Wall Street executives had a worrisome message for investors this week.

No Relief for Banks' Traders as Bosses Signal a Lingering Slump
A Wall Street sign hangs in front of American flags outside the New York Stock Exchange (NYSE) in New York, U.S. (Photographer: Victor J. Blue/Bloomberg)

(Bloomberg) -- Wall Street executives had a worrisome message for investors this week: The lack of client activity that sunk trading results in the second quarter has continued.

JPMorgan Chase & Co., Citigroup Inc. and Bank of America Corp. are seeing declines ranging from 15 percent to 20 percent in the third quarter from the same period a year ago, executives announced at an investor conference hosted by Barclays Plc in New York. Goldman Sachs Group Inc. didn’t put a number on its performance, even as co-President Harvey Schwartz lamented “a pretty challenging environment.”

The biggest investment banks posted declines in trading revenue in the second quarter as volatility dropped and as asset managers waited to see if central banks would raise interest rates and President Donald Trump’s administration could enact any of its policy goals. Goldman Sachs posted its worst first-half trading results in the 11-year tenure of Chief Executive Officer Lloyd Blankfein.

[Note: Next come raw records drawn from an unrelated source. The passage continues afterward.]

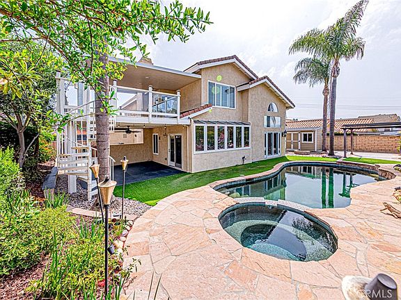 This is it! Amazing View home! This is the house that you have been looking for, but you didn't think you would ever find! Perched in a coveted Yorba Linda neighborhood. Just a short distance from Top-Ranked Yorba Linda High School & Travis Ranch for Elementary & Middle School. This beautifully upgraded home combines timeless style with modern comfort. Enjoy expansive living spaces with designer lighting fixtures, soundproof double pane windows and sliding glass doors, and custom finishes throughout. The spacious kitchen/family room with an open area has fireplace, European granite counters, kitchen island, wine cooler fridge, walk-in pantry, recessed lighting, all matching Thermador brand appliances, under-sink water purification system, and wall to wall windows overlooking the beautiful Pebble Tech Saltwater Swimming Pool & Spa. Gorgeous ceramic tile flooring downstairs, newer central Air & Heat, with a first-floor bed & bath with custom built-in steam Sauna, dual shower heads, and 3 more large beds and 2 full baths upstairs. The Master suite with a high-end brand Jacuzzi/tub, separated shower, double sink with amazing mid-century modern flair & the master bedroom also has a large comfortably sized study that opens to Terrace for you to enjoy the City lights. Too many fixtures to list in this description, like the over-sized 3 car garage with an extended driveway-large enough for the RV Parking w/Charging outlets, Fiberglass Garage doors, custom built-in storage cabinets, EV charger ready 50-amp, Epoxy floor, Water Softner System, new Pool Heating System, covered patio w/ceiling fan, upstairs Terrace w/Composite decking, Insulated Aluminum Roof panels, and metal Spiral staircase to pool area, Attic Cooling System, wet bar, custom Closets & Plantation Shutters, spacious individual laundry room w/sink & cabinets, Fire pit, and custom Shed. Homeowners spent over $200K on remodeling and upgrades. Additionally, an integrated Solar system enhances energy efficiency. "No HOA"
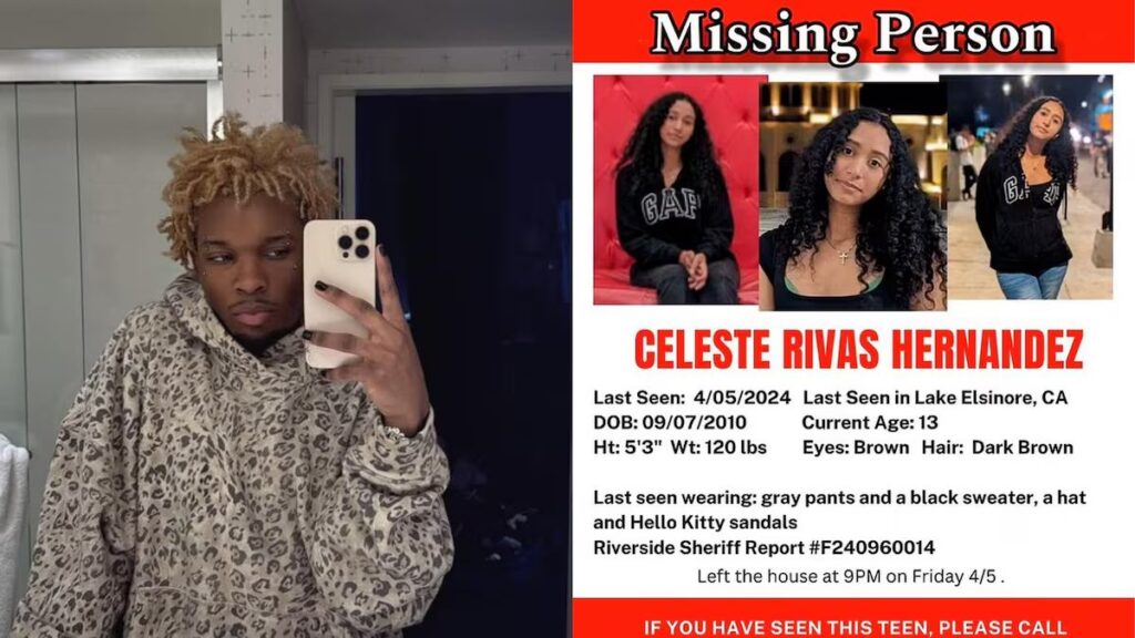 Registros que circulam nas redes sociais também mostram o cantor em Lake Elsinore, cidade onde Celeste vivia, antes do desaparecimento. Em uma das imagens, ele aparece ao lado de uma garota com características semelhantes às da adolescente, embora não haja confirmação oficial da identidade.
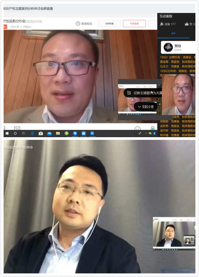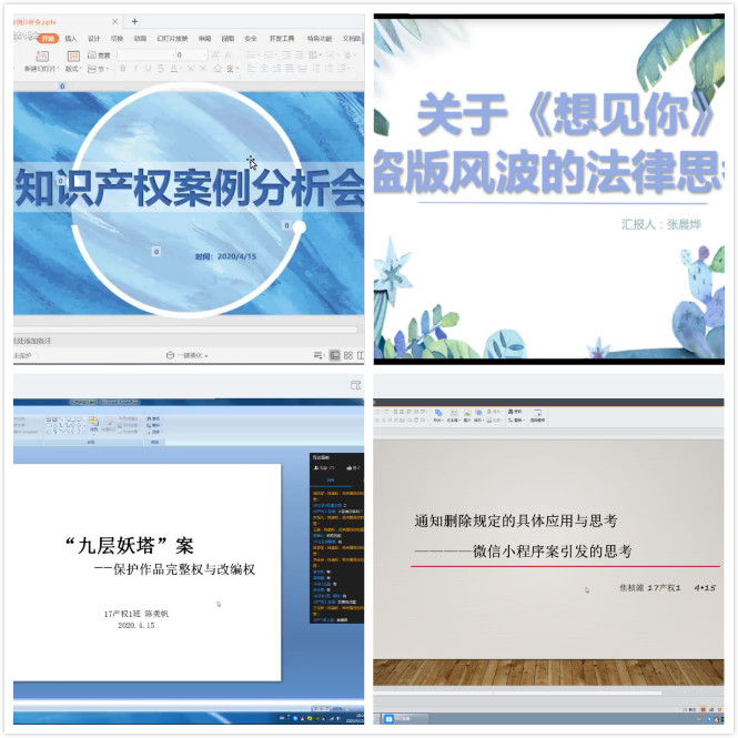 在“4.26”世界知识产权日来临之际,作为法学院知识产权周活动之一,为帮助学生更好地了解知识产权案例分析与实务操作,法学院党员之家理论学习部于4月15日举办第三期案例分析工作坊之知识产权专场。此次案例分析研讨采取线上钉钉直播方式,2017级张晨烨、陈美帆、焦桢源三名同学就当下热点《想见你》盗版风波、《九层妖塔》侵权案和微信小程序侵权案展开分析,知识产权系冀瑜、雷刚两位老师进行在线点评指导,来自大一、大二300余名学生在线参加。

JPMorgan’s trading revenue is on pace to drop about 20 percent in the current period from a year earlier, CEO Jamie Dimon said Tuesday at the conference. The projected decline would be JPMorgan’s worst for the July-through-September period since 2011, and is bigger than the 15 percent drop Citigroup and Bank of America have signaled.

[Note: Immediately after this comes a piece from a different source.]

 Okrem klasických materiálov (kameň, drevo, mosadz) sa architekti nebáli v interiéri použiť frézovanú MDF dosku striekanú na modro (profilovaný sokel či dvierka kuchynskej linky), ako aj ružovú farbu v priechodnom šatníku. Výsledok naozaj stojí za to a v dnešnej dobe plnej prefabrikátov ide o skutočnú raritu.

Last year’s third quarter was “particularly good,” Dimon said. Back then, the firm posted $5.7 billion of markets revenue, a 33 percent increase driven by fixed-income desks.

Another trading decline may mean more job cuts in that business, which already faces pressure from the constant creep of automation. Client-facing roles in equities trading at the 12 biggest global investment banks dropped 2 percent from a year earlier at June 30, while staff in fixed-income trading fell 1 percent, according to data from industry analytics firm Coalition Development Ltd. That was the fifth-straight annual decline in front-office headcount for both businesses, according to the data.

Even with another weak quarter, Goldman Sachs said it was moving to grow more in its fixed-income business after years of cutting. The bank said its lateral hires from other firms were double that of a year ago as it adds salespeople and staff in its European business. 

Citigroup Chief Financial Officer John Gerspach said trading has suffered as volatility remains “somewhat subdued.” Last year’s performance benefited from a boost in activity as clients wagered on the prospects for the U.S. election, he said Monday. This quarter, even mounting tensions with North Korea, two deadly U.S. hurricanes and escalating political turmoil haven’t provided a comparable catalyst. The last three weeks of this month could swing the quarterly results, he said.

September Matters

“For the whole third quarter you really don’t know what happens until you figure out what the operating environment is in September,” Gerspach said.

Citigroup reported $4.07 billion of trading revenue in the third quarter of last year, according to the company’s earnings supplement. A 15 percent drop would mean revenue of $3.46 billion, which would be the lowest quarterly figure since the final three months of 2015.

At Bank of America, CFO Paul Donofrio said that trading revenue will probably decline 15 percent from last year’s third quarter. He said on Tuesday that some company CEOs and treasurers the bank counts as clients are less optimistic than they were before the election. The Charlotte, North Carolina-based bank had trading revenue of $3.6 billion a year ago.